In 2005, a gift agreement was made for the development of the pedestrian plaza common areas located with Segerstrom Center for the Arts. As part of the Cornerstone Gift Agreement, Segerstrom initially pledged $5 million to the Circle of Honor Gift fund. He subsequently committed another $40 million to the development of the Renee and Henry Segerstrom Concert Hall and the overall Segerstrom Center for the Arts. A portion of the Circle of Honor Gift in the amount of $4 million was restricted for the sole purpose of funding construction costs for the pedestrian plaza and walkway areas of Segerstrom Center for the Arts.

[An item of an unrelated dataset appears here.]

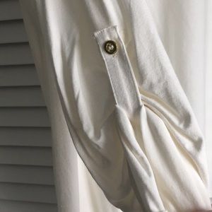 Rayon and Spandex cold waters to wash, sleves can be pulled up and buttoned with a pale white

An early partnership between Carnegie Hall and the Segerstrom Center for the Arts brought programming from Carnegie Hall's Ancient Paths, Modern Voices festival celebrating Chinese culture to Southern California. This resulted in a West Coast festival presented by the Philharmonic Society of Orange County and prominent partner institutions, and was the first time that Carnegie Hall's live festival programming reached audiences outside New York City. On June 7, 2010, Carnegie Hall presented him with the fourth Annual Medal of Excellence, which honors an executive whose accomplishments in the corporate sector complement Carnegie Hall's stature as one of the premier performance venues in the world.

Over his lifetime, Segerstrom donated more than $100,000 to the American Ballet Theatre toward the advancement of their global presence and for the establishment of the American Ballet Theatre's William J. Gillespie School. He also spearheaded a partnership between the ballet company and the Segerstrom Center for the Arts. For nearly every season since the Center’s inception, American Ballet Theatre has brought productions to Orange County’s audiences at Segerstrom Hall while also partnering with the center on commissions and premieres.

==Death==
After a short illness, Segerstrom died in Newport Beach, California, on February 20, 2015, at the age of 91.

==Legacy==
Segerstrom is recognized for his service as founding chairman of the Orange County Performing Arts Center and his role in establishing the Centre for Social Innovation at Stanford University's Graduate School of Business.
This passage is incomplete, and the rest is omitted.